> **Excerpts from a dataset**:
<<<<
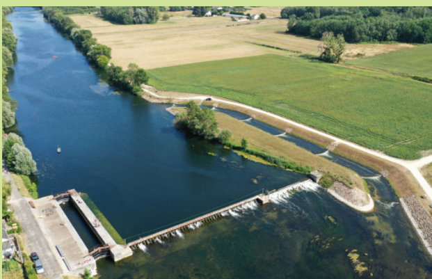
Rivière de contournement du barrage de Civray (Cher), 2020

Au travers d'une série de brèves vidéos en «survol», nous vous présentons des sites emblématiques ou controversés. Pour commencer, retrouvez un survol du barrage à aiguilles de Civray, sur le Cher aval ainsi qu'un survol du tracé RN88 en projet (Haute-Loire)
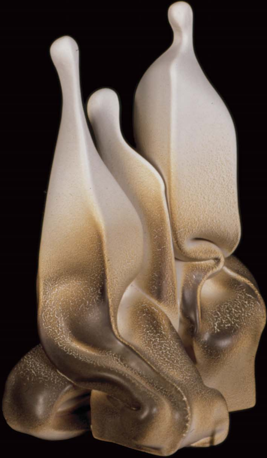
İnsan Yapıları , 2000, h: 26cm., Stoneware - 1200° C.
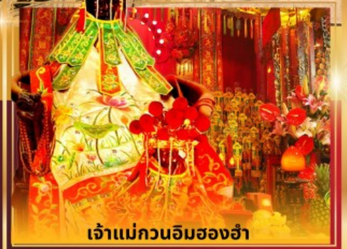
เจ้าแม่กวนอิมสองอ่า

ช้อปปิ้งบนคนเดินตงเหมิน เมืองโบราณหนานโกว วัดกวนอู ร้านหนังสือจงซูเก้อ ถ่ายรูปหน้าตึกฟิงอัน เจ้าแม่กวนอิมสองอ่า วัดหวังต้าเซียน วัดแชกงหมิว ช้อปปิ้งย่านจิมซาจู้ นองปิง 360 สักการะวัดพระใหญ่โป่หลิน ช้อปปิ้งซีตี้เกทเอาท์เล็ต
>>>>
> **Work request**: Set down the records above exactly, leaving out pictures.

> **Task output**:
Rivière de contournement du barrage de Civray (Cher), 2020

Au travers d'une série de brèves vidéos en «survol», nous vous présentons des sites emblématiques ou controversés. Pour commencer, retrouvez un survol du barrage à aiguilles de Civray, sur le Cher aval ainsi qu'un survol du tracé RN88 en projet (Haute-Loire)
İnsan Yapıları , 2000, h: 26cm., Stoneware - 1200° C.
เจ้าแม่กวนอิมสองอ่า

ช้อปปิ้งบนคนเดินตงเหมิน เมืองโบราณหนานโกว วัดกวนอู ร้านหนังสือจงซูเก้อ ถ่ายรูปหน้าตึกฟิงอัน เจ้าแม่กวนอิมสองอ่า วัดหวังต้าเซียน วัดแชกงหมิว ช้อปปิ้งย่านจิมซาจู้ นองปิง 360 สักการะวัดพระใหญ่โป่หลิน ช้อปปิ้งซีตี้เกทเอาท์เล็ต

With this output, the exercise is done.